*Exercise:*
Please restate word for word the lines of the entries below from the one with "Dans le cadre" to the one with "一般把人的呼气和吸气的过程叫", inclusive, and leave out every picture.

*Dataset records:*
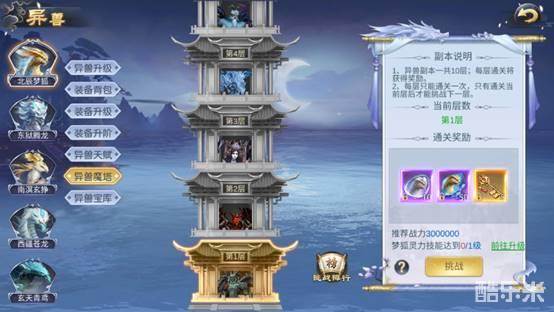 异兽塔一共10层,每层通关后都可以获得奖励。
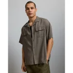 AE77 Premium Relaxed Short-Sleeve Button-Up Shirt – Olive
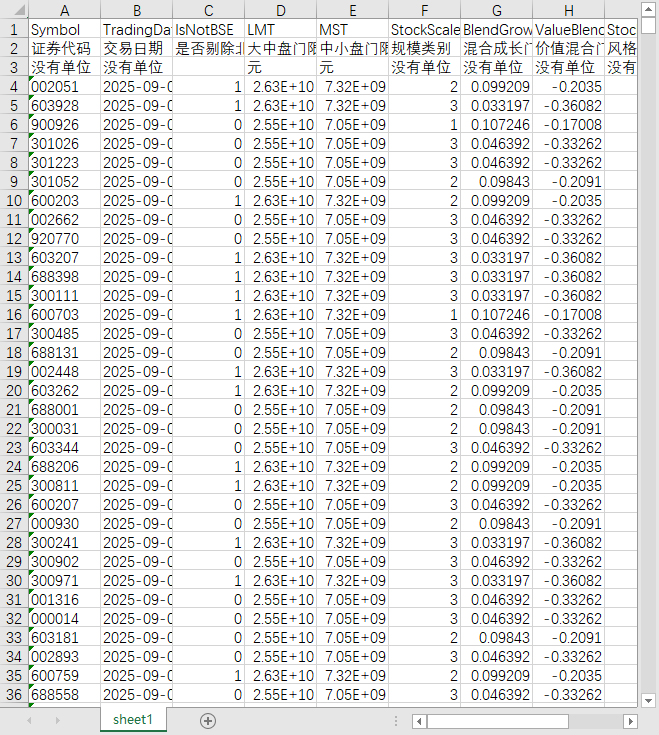 证券代码 交易日期 是否剔除北交所股票 大中盘门限值 中小盘门限值 规模类别 混合成长门限值 价值混合门限值 风格类别 价值成长定位 规模定位
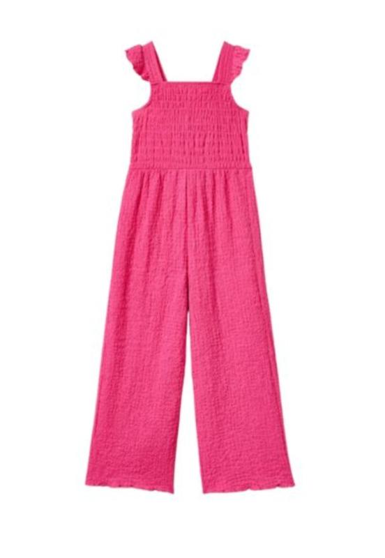 яскравий легенький літній комбінезон з текстурованої тканини, яка гарно тягнеться. колір вживу трішки світліший 13/14 років (164см): довж 123, крок 67, від верху до поясу (на резинці) 34, пояс 33, ПОГ 32 (на резинці ззаду), від матері до верху брительок 65
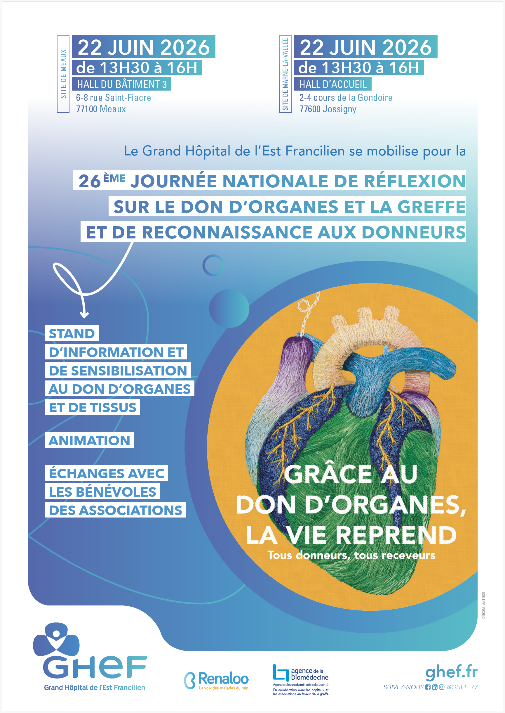 Dans le cadre de la 26ème Journée nationale de Réflexion sur le Don d'Organes et de la Greffe et de Reconnaissance aux Donneurs, le GHEF se mobilise...
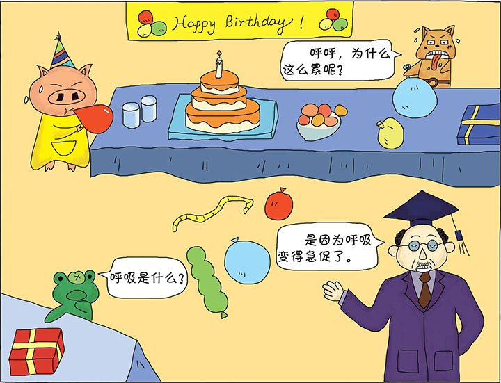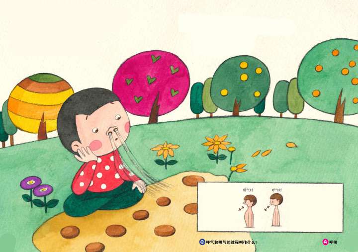 一般把人的呼气和吸气的过程叫作“呼吸”。呼吸时我们会吸入空气中的氧气,呼出体内的二氧化碳。氧气进入血液中,运送到全身各个部位,最后进入细胞,参与细胞内营养物质的分解。营养物质分解后,产生的二氧化碳通过血液运输到肺,随着呼气排出体外。
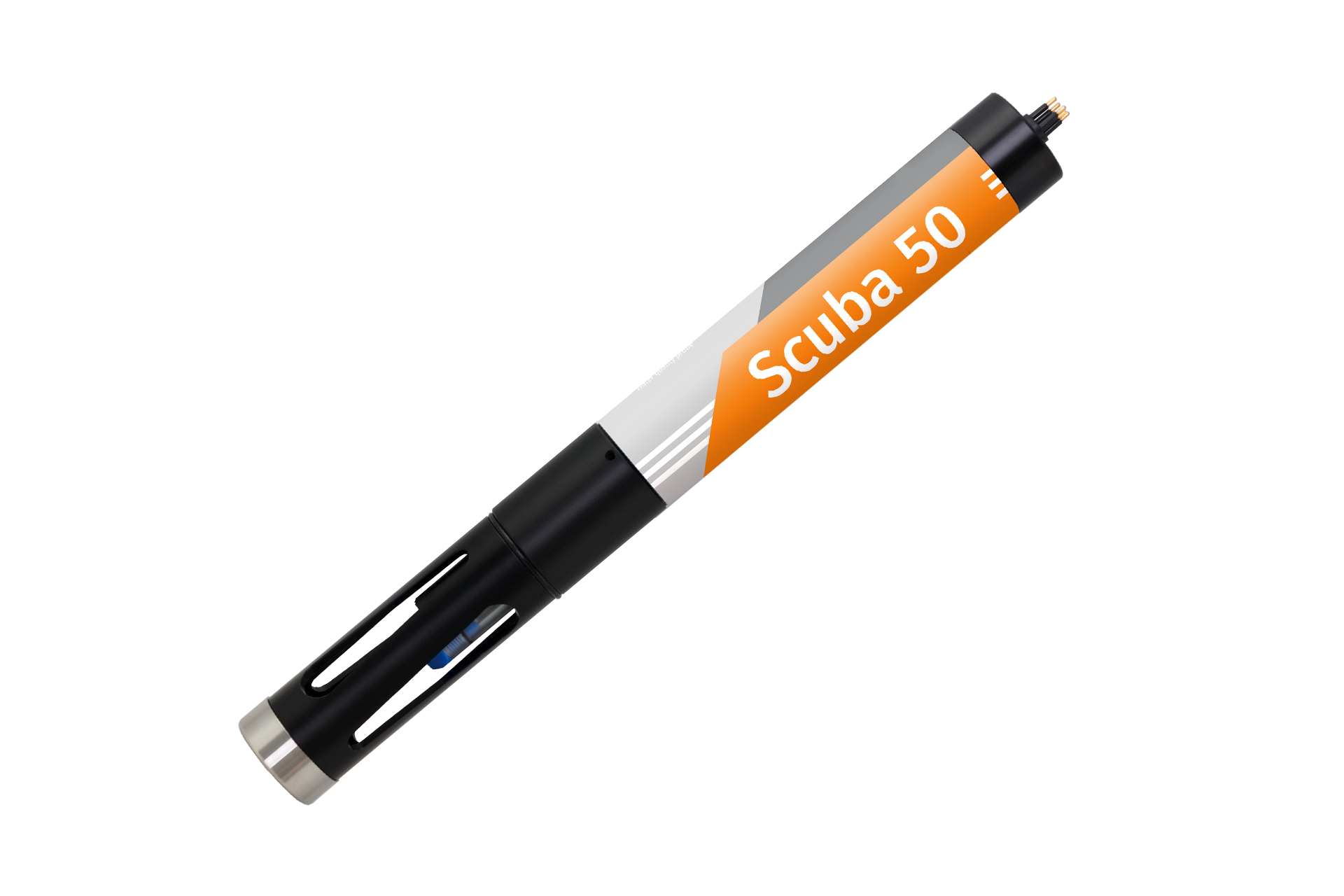 The Royal Eijkelkamp Scuba 50 measures 2 inches in diameter and is by default equipped with temperature, pH, electrical conductivity and dissolved oxygen sensors. Additional sensors are optional.

*Answer:*
 Dans le cadre de la 26ème Journée nationale de Réflexion sur le Don d'Organes et de la Greffe et de Reconnaissance aux Donneurs, le GHEF se mobilise...
 一般把人的呼气和吸气的过程叫作“呼吸”。呼吸时我们会吸入空气中的氧气,呼出体内的二氧化碳。氧气进入血液中,运送到全身各个部位,最后进入细胞,参与细胞内营养物质的分解。营养物质分解后,产生的二氧化碳通过血液运输到肺,随着呼气排出体外。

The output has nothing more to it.